Was bedeutet Ausschreibungsarten?
Im deutschen Vergaberecht steht öffentlichen Auftraggebern eine Reihe unterschiedlicher Verfahrensarten zur Verfügung, die je nach Auftragsgegenstand, Auftragswert und Komplexität des Beschaffungsvorhabens eingesetzt werden können. Die Wahl der richtigen Ausschreibungsart ist eine der grundlegenden Entscheidungen im Vergabeverfahren und muss vergaberechtlich begründet sein.
Oberhalb der EU-Schwellenwerte stehen folgende Verfahrensarten zur Verfügung: Das offene Verfahren, bei dem alle interessierten Unternehmen ein Angebot abgeben können. Das nicht offene Verfahren, bei dem nach einem Teilnahmewettbewerb nur ausgewählte Bewerber zur Angebotsabgabe aufgefordert werden.

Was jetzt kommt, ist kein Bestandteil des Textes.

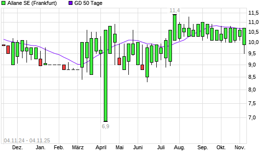 Mit dem Anstieg auf 10,70 EUR hat die Allane-Aktie am 03.11.2025 die 50-Tage-Linie nach oben gekreuzt.

Das Verhandlungsverfahren mit vorherigem Teilnahmewettbewerb, bei dem über die Angebote verhandelt werden darf. Der wettbewerbliche Dialog, der bei besonders komplexen Aufträgen zum Einsatz kommt. Die Innovationspartnerschaft, die für die Entwicklung und anschließende Beschaffung innovativer Leistungen vorgesehen ist. Zudem gibt es das Verhandlungsverfahren ohne Teilnahmewettbewerb, das nur unter engen gesetzlichen Voraussetzungen zulässig ist.

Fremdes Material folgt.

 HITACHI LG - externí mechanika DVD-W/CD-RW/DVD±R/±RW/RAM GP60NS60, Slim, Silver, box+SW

Im Unterschwellenbereich (unterhalb der EU-Schwellenwerte) unterscheidet man die öffentliche Ausschreibung, die beschränkte Ausschreibung mit oder ohne Teilnahmewettbewerb, die Verhandlungsvergabe sowie die Direktvergabe. Diese Verfahren sind weniger formalisiert, unterliegen aber dennoch den Grundsätzen des Wettbewerbs und der Transparenz.
Relevanz für Bieter
Die Ausschreibungsart hat unmittelbare Auswirkungen auf die Beteiligungsmöglichkeiten und den Aufwand für Bieter. Beim offenen Verfahren kann jedes Unternehmen direkt ein Angebot einreichen, während bei nicht offenen Verfahren oder Verhandlungsverfahren zunächst eine Bewerbung um Teilnahme erforderlich ist. Bieter müssen daher die Verfahrensart in der Bekanntmachung beachten und ihre Beteiligungsstrategie entsprechend anpassen.

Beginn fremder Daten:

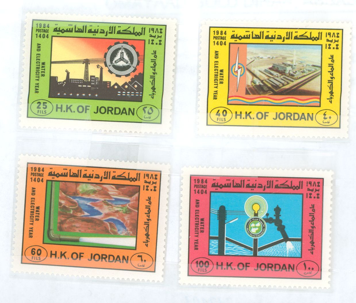 1984 Water and electricity year, four stamps set MNH. Amman Power Station, Hydro-Electric Dam APS Stamp Id: 501936075 APS Seller Id: 779521 Hinge Type: NH

Verhandlungsverfahren bieten Bietern die Möglichkeit, ihre Angebote im Dialog mit dem Auftraggeber zu optimieren, erfordern aber auch eine höhere Flexibilität und Verhandlungskompetenz. Bieter, die regelmäßig an öffentlichen Vergaben teilnehmen, sollten die Besonderheiten jeder Verfahrensart kennen und ihre internen Prozesse darauf abstimmen.
Rechtlicher Rahmen
Die Verfahrensarten oberhalb der EU-Schwellenwerte sind in den Paragraphen 119 bis 121 GWB sowie in den Paragraphen 14 bis 18 VgV geregelt. Für Bauaufträge gelten die Bestimmungen der VOB/A Abschnitt 2. Im Unterschwellenbereich regeln die UVgO (Paragraphen 8 bis 12) und die VOB/A Abschnitt 1 die zulässigen Verfahrensarten und ihre Voraussetzungen. Die Wahl der Verfahrensart muss dokumentiert und begründet werden.